If you forked the project (and want to use your fork), replace the URL with that of your fork.

Installing with poetry

poetry install

Installing with conda

conda env create
conda activate EmbeddingScratchwork
pip install -e .

mamba may be used in place of conda if it is installed.

Your OpenAI API key

You need an OpenAI API key. If it is in an environment variable named OPENAI_API_KEY then it will be used automatically. Otherwise you can assign it to embed.api_key in your Python code.

However you handle your key, make sure not to commit it to any repository. See Best Practices for API Key Safety.

Way 2: GitHub Codespaces

The configuration in .devcontainer/ will be used automatically when you create a codespace on GitHub.

The dev container has both the poetry-managed Python virtual environment and the conda environment set up. So you can activate and use whichever you like.

Creating the codespace

At the repository page (or your fork), click the green “Code” button. Click the “Codespaces” tab and click “Create codespace on main.”

Your OpenAI API key in the codespace

If you want your API key to automatically be available in a codespace, you can use your own fork and set up a repository secret. Of course, do not commit your key to your repository.

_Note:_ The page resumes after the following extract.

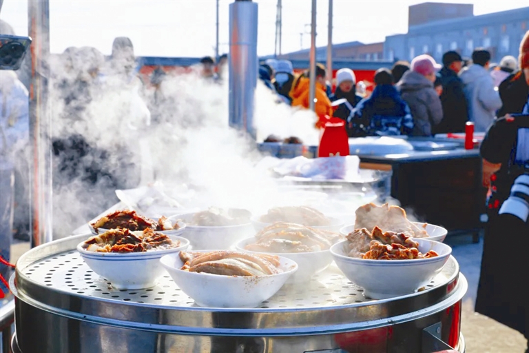打卡地2:“宁河第一锅”区域。一口大锅+八口小锅,核心大锅首次制作“青团”,应景又新鲜;周边小锅则端出酒曲馒头、酒酿片肉、传统丸子、野菜饺子、芦台春酱货、蒸五谷……地地道道的宁河味儿。
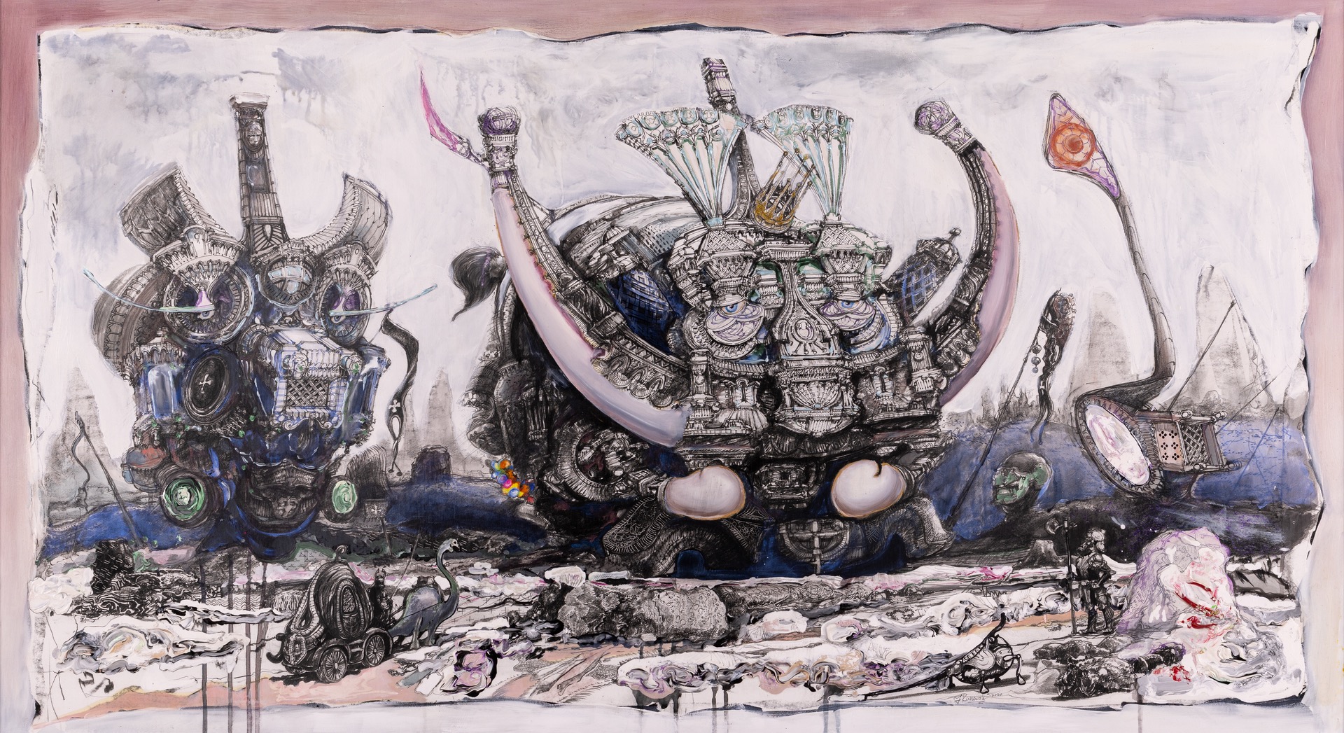 technika mieszana, płótno, 100 x 180 cm (w oprawie 125 x 204 cm),sygnowany p.d.: 'FKurzewski 2020' oraz opisany na odwrocie: 'FKurzewski 2020'

  1. Fork the repository if you haven’t already, and go to your fork on GitHub.
  2. Click the “Settings” tab. (You want the settings for your repository, not for your whole GitHub account.)
  3. In Settings, on the left, under “Security,” expand “Secrets and variables” and click “Codespaces.”
  4. Click “New repository secret.”
  5. Put OPENAI_API_KEY as the name—this is so that it will appear in the codespace as the value of the environment variable of the same name, which is consulted for the OpenAI API key. As the value, put the OpenAI API key that you generated for the specific purpose of using for this codespace.
  6. Click “Add secret.”

Security of your OpenAI API key in the codespace (important)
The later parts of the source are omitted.